Disfagia atau gangguan menelan makanan adalah masalah umum pada orang yang menderita kerusakan saraf dan dapat memiliki konsekuensi serius. Dalam artikel ini kami akan menjelaskan mengapa disfagia terjadi, bagaimana direhabilitasi dan rekomendasi apa yang harus diikuti orang yang terkena untuk makan dengan aman.

Apa itu disfagia?

Disfagia adalah gangguan dalam menelan makanan atau air liur. Ini memanifestasikan dirinya dengan berbagai tanda, seperti batuk, mati lemas, infeksi pernapasan atau penurunan berat badan, antara lain. Disfagia disebabkan antara lain penyakit atau cedera neurologis, seperti stroke, trauma kepala , penyakit neurodegeneratif, dan cedera tulang belakang tinggi . Kanker kepala dan leher juga dapat menyebabkannya, meskipun dalam artikel ini kita akan merujuk pada kanker yang berhubungan dengan kelainan neurologis yang didapat pada masa dewasa. Disfagia dapat menyebabkan konsekuensi medis yang serius seperti pneumonia aspirasi atau malnutrisi. Ini juga memiliki konsekuensi psikososial, karena makan adalah aktivitas dengan dimensi sosial dan menyenangkan yang secara signifikan mempengaruhi kualitas hidup.

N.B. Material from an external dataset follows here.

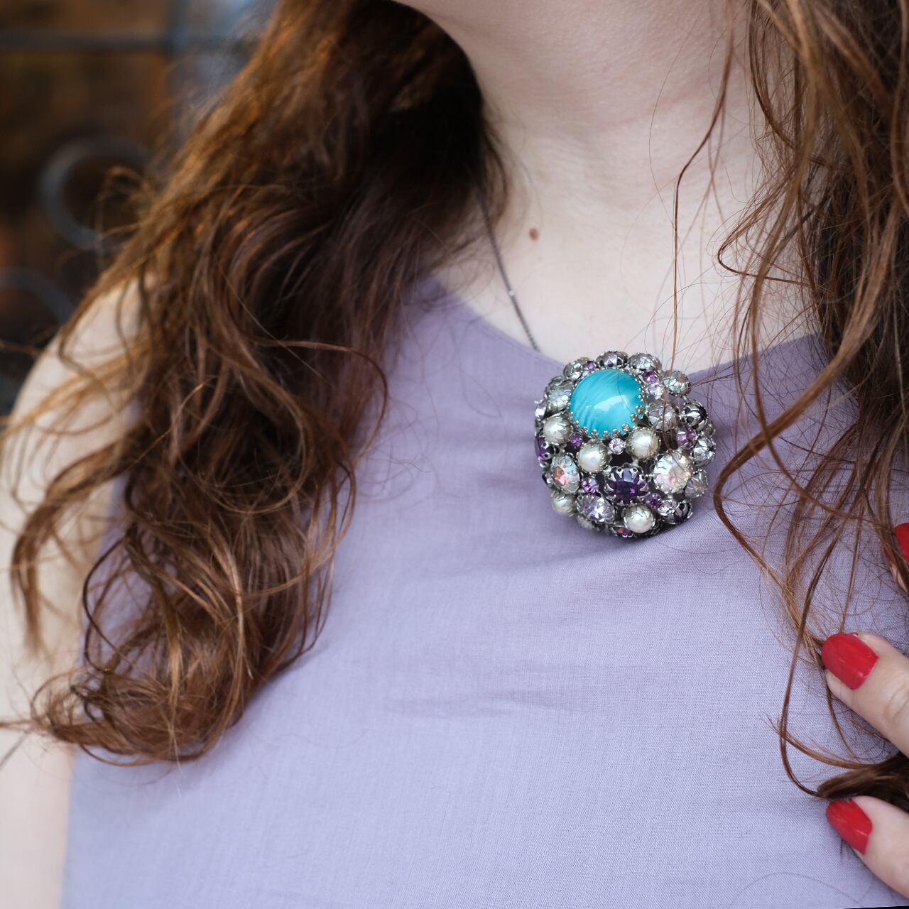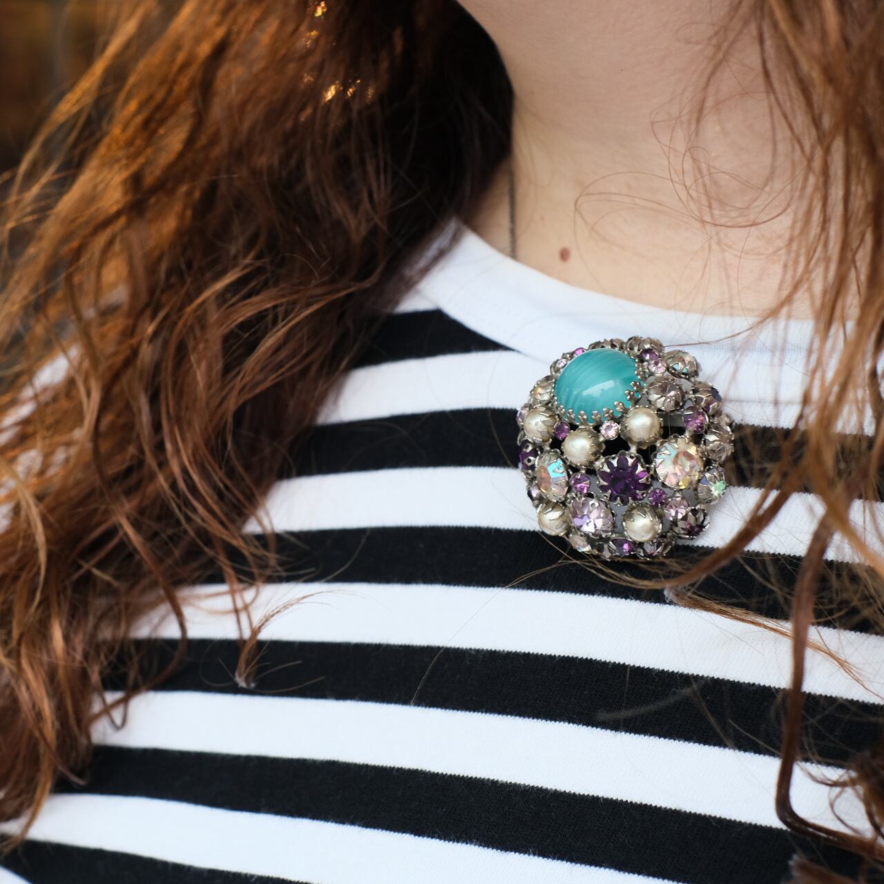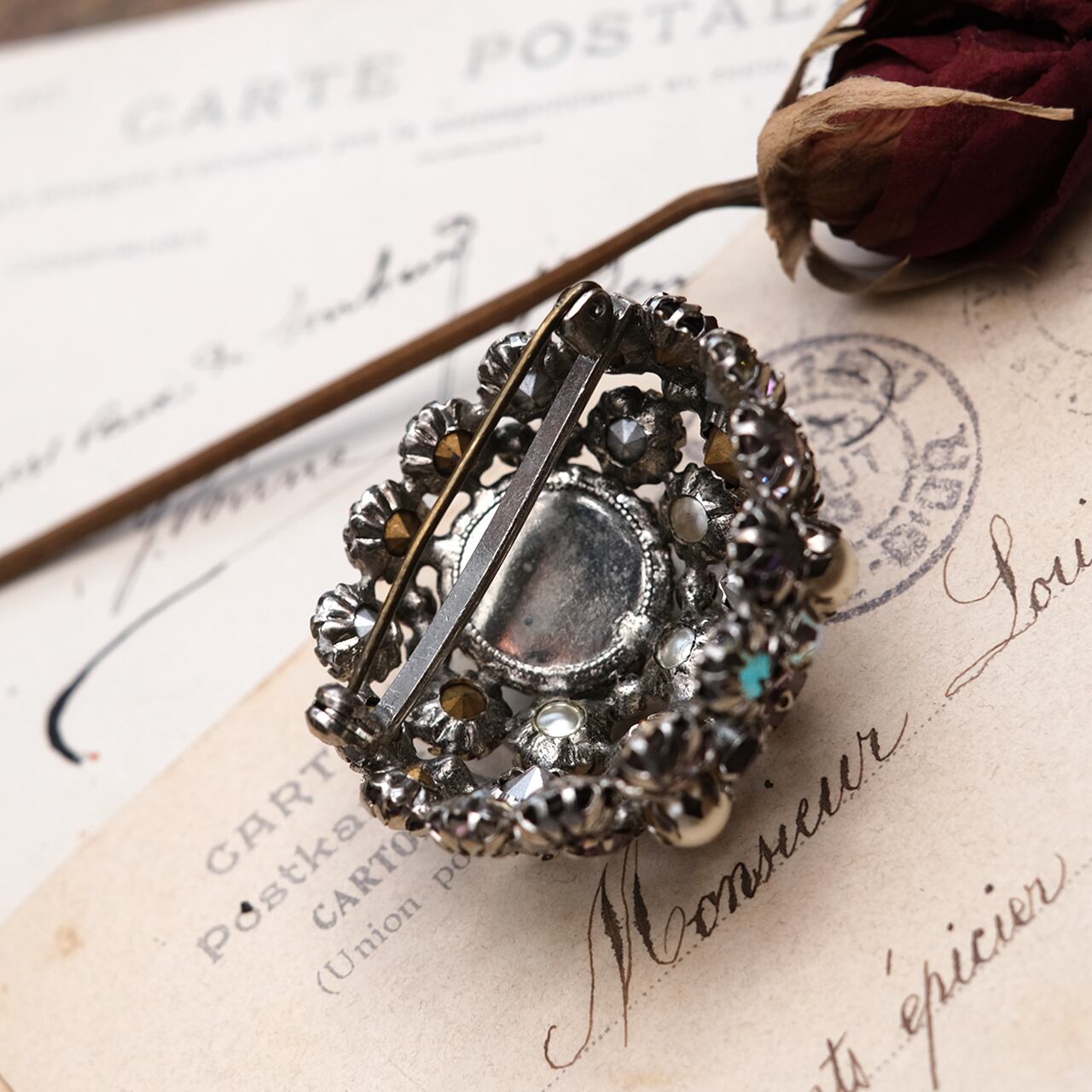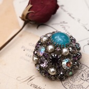 柔らかなグリーンのカボッション、様々な大きさのオーロラカラー、パールカラー紫などの石が、不規則に配置されており、落ち着いた色合いでありながらとても楽しい印象です。

Pendekatan untuk disfagia adalah tugas tim interdisipliner yang terdiri dari dokter, terapis wicara, perawat, dan profesional lainnya, tergantung pada setiap kasus.

Namun, bersama dengan tim, peran pasien atau pengasuh mereka sangat penting, yang harus mengetahui, memahami, dan secara ketat mengikuti pedoman makan yang aman dan latihan yang direkomendasikan dalam setiap kasus.

Dalam teknik pengobatan baru, penggabungan elektrostimulasi yang diterapkan pada disfagia saat ini memungkinkan untuk mengintensifkan rehabilitasi dan secara signifikan meningkatkan hasilnya.

Bagaimana cara kerja menelan normal?

Untuk memahami gangguan menelan, pertama-tama kita harus mengetahui cara kerja menelan dalam kondisi normal. Menelan adalah fungsi vital yang penting untuk kelangsungan hidup, karena memungkinkan kita untuk menghidrasi dan memberi makan diri kita sendiri. Sekarang, struktur yang sama yang berfungsi untuk memberi makan kita, yaitu mulut dan faring (tenggorokan), juga digunakan untuk bernafas dan berbicara. Secara sederhana, kita akan mengatakan bahwa faring terbagi menjadi dua jalur: di depan, trakea, dengan laring di ujung atasnya, yang merupakan jalan napas yang menuju ke paru-paru; Tepat di belakang trakea adalah kerongkongan yang biasanya tertutup, yang mengarah ke perut dan merupakan saluran pencernaan. Dengan demikian, mulut dan tenggorokan terus digunakan untuk berbagai fungsi: bernapas, berbicara, dan menelan, yang memerlukan koordinasi tingkat tinggi.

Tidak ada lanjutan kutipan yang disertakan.